Records contained in a dataset:
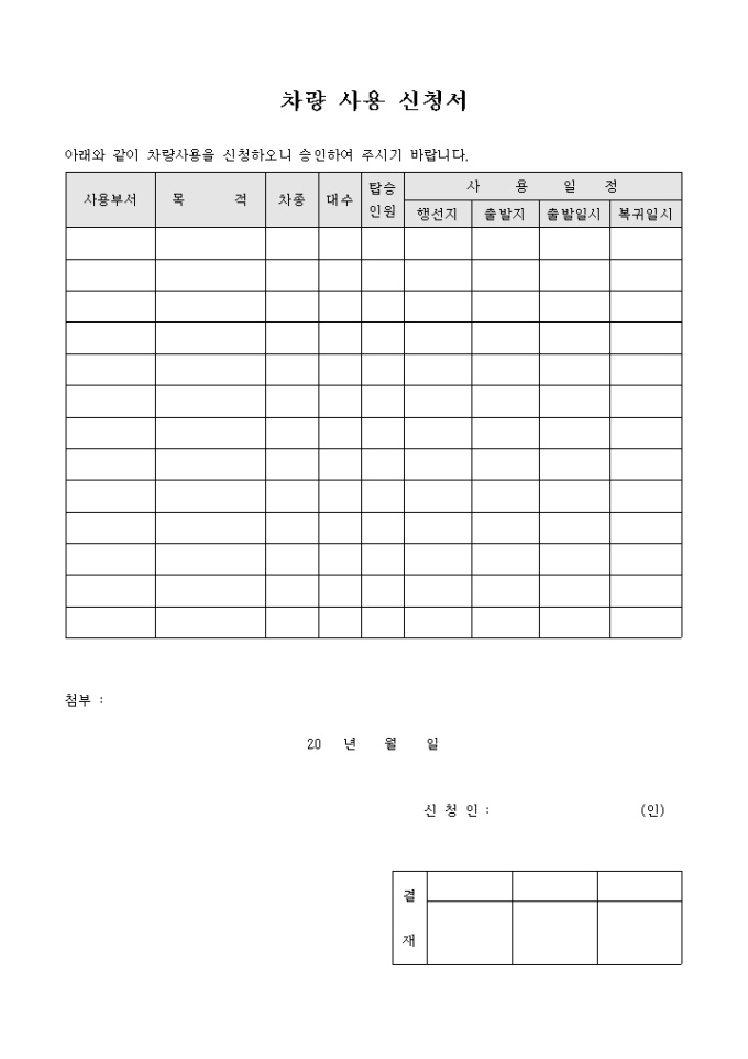 9,000원/월2부로 나누어 사용이 가능한 차량 사용 신청서입니다. 차량 사용기간과 사용목적의 기입이 가능합니다.
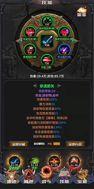 1、构建最爽技能流派,多种不同的技能自由搭配,完成随心所欲
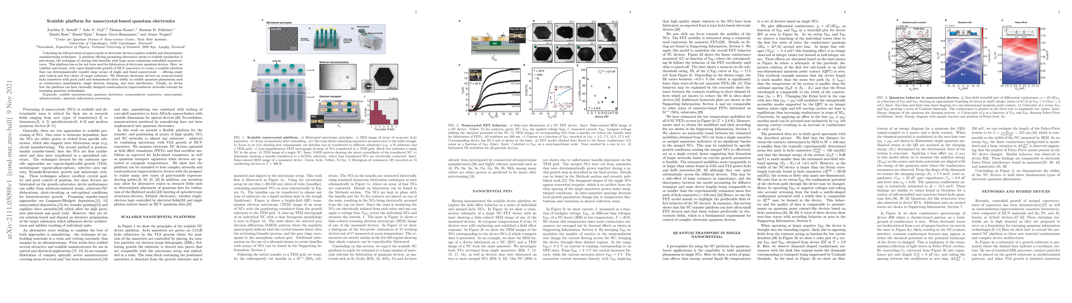This paper presents a scalable microtomy-based platform for deterministic manufacturing of nanocrystal-based quantum electronic devices, combining microtomy with vapor-liquid-solid growth of III/V nanowires. The platform enables the fabrication of quantum devices exhibiting quantum phenomena and holds potential for creating semiconductor/superconductor networks for quantum technologies.
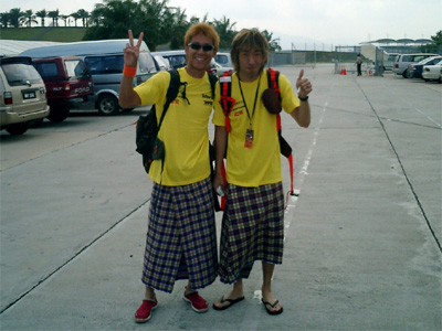 JGTC、セパンラウンドの前に服部さん、#6組、ウチの両親というメンバーで東側の浜辺に行った。 そこでは、暑さに身体を慣らしたり、良い時間が過ごせた。 その中でも現地式お祈りを兼ねたマッサージは気持ち良かったなぁ〜! マッサージの後に着用したスカートの様な民族衣装をプレゼントされた。 これは、ただ筒状になった布をバスタオルを巻く様に両端で絞って着る。 服部さんが『セパン、これで通勤するぞ!』って言うんで一応持って帰ったけど、ほんまに着て行くとは・・・。 僕はまだしも、服部さんて若いよなぁ!!
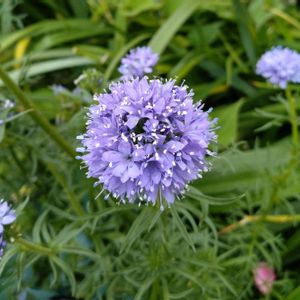 おはようございます ギリア レプタンサがいい感じ 𖤣𖥧𖥣。𖤣𖥧𖥣。 まぁるく咲く、ポンポンお花がお気に入りなのです🔵 (>-<///)キュン♡ 奥に見える小花は ギリア トリコロール そろそろ終盤です 咲く時期が同じだったらいいのになぁ😅 🏷美しく青きドヨウ 参加させていただきます💙

YOUR GOAL – The reply should hold every record, unchanged, and no pictures.

WRITTEN RESPONSE –
 9,000원/월2부로 나누어 사용이 가능한 차량 사용 신청서입니다. 차량 사용기간과 사용목적의 기입이 가능합니다.
 1、构建最爽技能流派,多种不同的技能自由搭配,完成随心所欲
This paper presents a scalable microtomy-based platform for deterministic manufacturing of nanocrystal-based quantum electronic devices, combining microtomy with vapor-liquid-solid growth of III/V nanowires. The platform enables the fabrication of quantum devices exhibiting quantum phenomena and holds potential for creating semiconductor/superconductor networks for quantum technologies.
 JGTC、セパンラウンドの前に服部さん、#6組、ウチの両親というメンバーで東側の浜辺に行った。 そこでは、暑さに身体を慣らしたり、良い時間が過ごせた。 その中でも現地式お祈りを兼ねたマッサージは気持ち良かったなぁ〜! マッサージの後に着用したスカートの様な民族衣装をプレゼントされた。 これは、ただ筒状になった布をバスタオルを巻く様に両端で絞って着る。 服部さんが『セパン、これで通勤するぞ!』って言うんで一応持って帰ったけど、ほんまに着て行くとは・・・。 僕はまだしも、服部さんて若いよなぁ!!
 おはようございます ギリア レプタンサがいい感じ 𖤣𖥧𖥣。𖤣𖥧𖥣。 まぁるく咲く、ポンポンお花がお気に入りなのです🔵 (>-<///)キュン♡ 奥に見える小花は ギリア トリコロール そろそろ終盤です 咲く時期が同じだったらいいのになぁ😅 🏷美しく青きドヨウ 参加させていただきます💙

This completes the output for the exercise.